Getting a PhD done and writing a good enough thesis is as much about knowing what not to do as getting advice about what to do.

Writing in the Times Higher Education Supplement, Tara Brabazon lists her top ten tips for doctoral failure. With comments by Jane Prophet added in italics.  

1. Submit an incomplete, poorly formatted bibliography

Jane: I read the bibliography carefully. It adds to my workload to have to correct mistakes. Check your bibliography carefully. Ask a couple of friends to read it through. Sort out every little punctuation and style error. One or two mistakes are OK, but more cause me to wonder how rushed the thesis completion was and what else has been missed out..

Many examiners start from the back of the script. The moment examiners see incomplete references or find that key theorists in the topic are absent, they worry. This concern intensifies when in-text citations with no match in the bibliography are located.

Jane: Elsewhere I discuss ‘relaxing’ the examiner by explaining very early on in the thesis why a key theorist or topic has been omitted. To do this you will reference that key theorist or topic. This is even more important because you cannot control whether an examiner reads the bibliography first.

2. Use phrases such as “some academics” or “all the literature” without mitigating statements or references.

“In a PhD, generalisations send me off for a long walk to Beachy Head.”

Jane: For those of you from outside the UK, Beachy Head is infamous for being a high cliff that suicidal people throw themselves off. Generalisations don’t make me suicidal but they do trigger an eye-roll and send up a red flag. I then start to wonder if the line of argument may be similarly sloppy.
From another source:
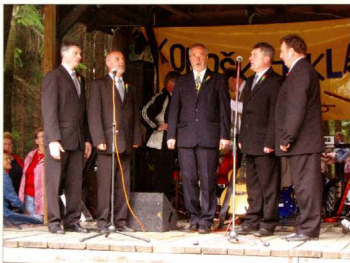
Kvintet Ajda na Ivarčkem jezeru

Too many generalisations and I fantasise about throwing the thesis off a cliff.

3. Write an abstract without a sentence starting “my original contribution to knowledge is…”

Relax the examiner with a sentence in the first paragraph of a PhD abstract that begins: “My original contribution to knowledge is…” If examiners cannot pinpoint the original contribution, they have no choice but to award the script an MPhil.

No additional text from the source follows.